Stud finders as you know are little devices used to located the beam of wood running through a drywall, so you can find something strong to screw things to.

They are normally handheld devices, which are used to sense where the material behind the device is more dense.

how do stud finders work

The wooden beam is of course denser than the weak plasterboard, and this is what stud finders pick up. they often emit a beeping noise, or an LED will flash when they sense a stud is behind the device. This alerts you to the location of the beam so you can make a note with a pencil or a knife and start using the stud.

To the right you can see a picture of a plaster board wall, with the wooden studs exposed. These are what the stud finders are detecting, as you can see in this picture, the white marks going along the studs on the right hand side are screws.

They have been placed there because that’s the strongest part of the wall, the wooden beams running either top to bottom, or sideways as shown here.


Using ‘Changes In Density’ To Find The Stud..

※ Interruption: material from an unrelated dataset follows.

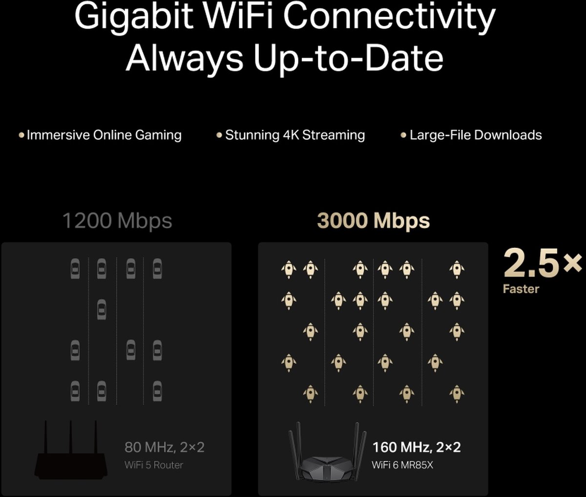 - Wi-Fi 6 скорости – Оптимални Wi-Fi 6 скорости, достигащи до 3 Gbps за по-бързо сърфиране, стрийминг и изтегляне, всичко едновременно

How do stud finders work? Well, it’s actually fairly simple. Materials like wood are very poor electrical conductors, they are in fact ‘insulators’ meaning they don’t conduct electricity at all. What they are good at, is supporting what’s called an ‘Electrostatic field’.

This is a type of electrical/static energy which the stud finder detects with a ‘Capacitor plate’. This detects changes in an electrostatic field, in this instance, the difference in density between plasterboard and a thicker and more dense wood (The stud).

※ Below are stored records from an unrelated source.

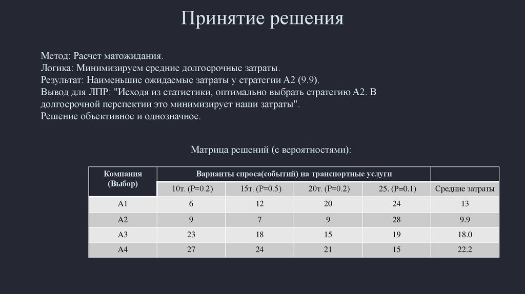 Вывод для ЛПР: "Исходя из статистики, оптимально выбрать стратегию A2. В
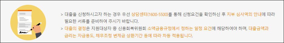 다만 어떤 방식으로 대출을 신청하더라도 먼저 신용회복위원회 상담센터 1600-5500으로 연락하여 신청요건 및 가능여부를 확인하고 대출신청을 진행하시길 바랍니다.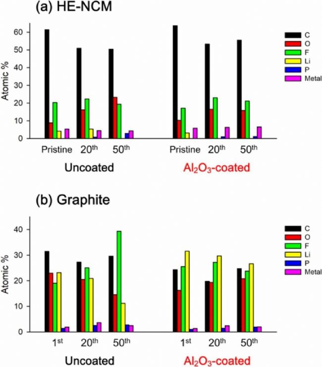 此外,Jurng 等人【8】認(rèn)為 ALD Al2O3 沉積在富鋰 NMC PC 正極上,減少了過渡金屬的溶解和交換,限制了過渡金屬在負(fù)極表面的積累,從而減少了由過渡金屬析出引起的負(fù)極表面電解質(zhì)降解。同時(shí)觀察到石墨負(fù)極的電阻降低,這是由于 PC 正極中過渡金屬的溶解被有效阻止。

This and a clever circuit board in the scanner allow it to detect with some accuracy where the edge of the stud is, it’s where to density suddenly changes.


More Advanced Stud Finders..’Multi Scanners’

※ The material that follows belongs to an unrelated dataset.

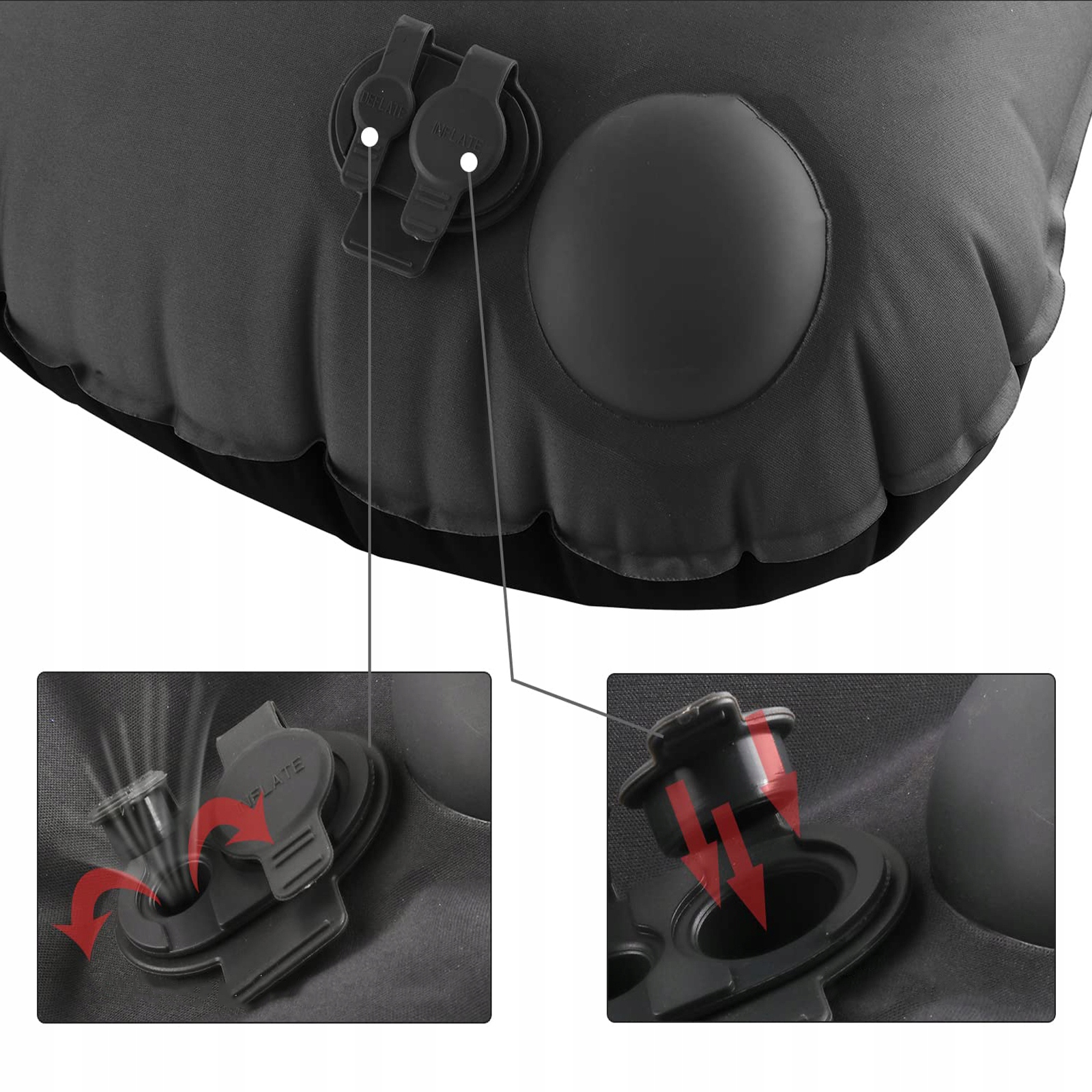 - Подушку можно быстро надуть всего за 3–5 вдохов и сдуть быстрее за секунды, нажав клапан выдоха.

Some electronic stud finders can even detect the type of material based on how dense it is, and using a combination of different scanning techniques some of the more expensive stud finders can detect hidden metal pipes, electrical wires and screws/nails etc. Some can even scan up to 3-4 inches deep.

These more advanced types of stud finder are called ‘multi scanners’ or multi purpose stud finders. They can be used for more than just finding studs on drywalls, for example finding the beams in the ceiling, floor, locating metal behind walls or other surfaces, even locating metal/screws behind tiles.

They use a combination of small scale radar, metal detecting hardware, density sensors and magnets.

A combination of these scanning methods allow the more advanced models to give an accurate image of what’s behind and embedded within a wall.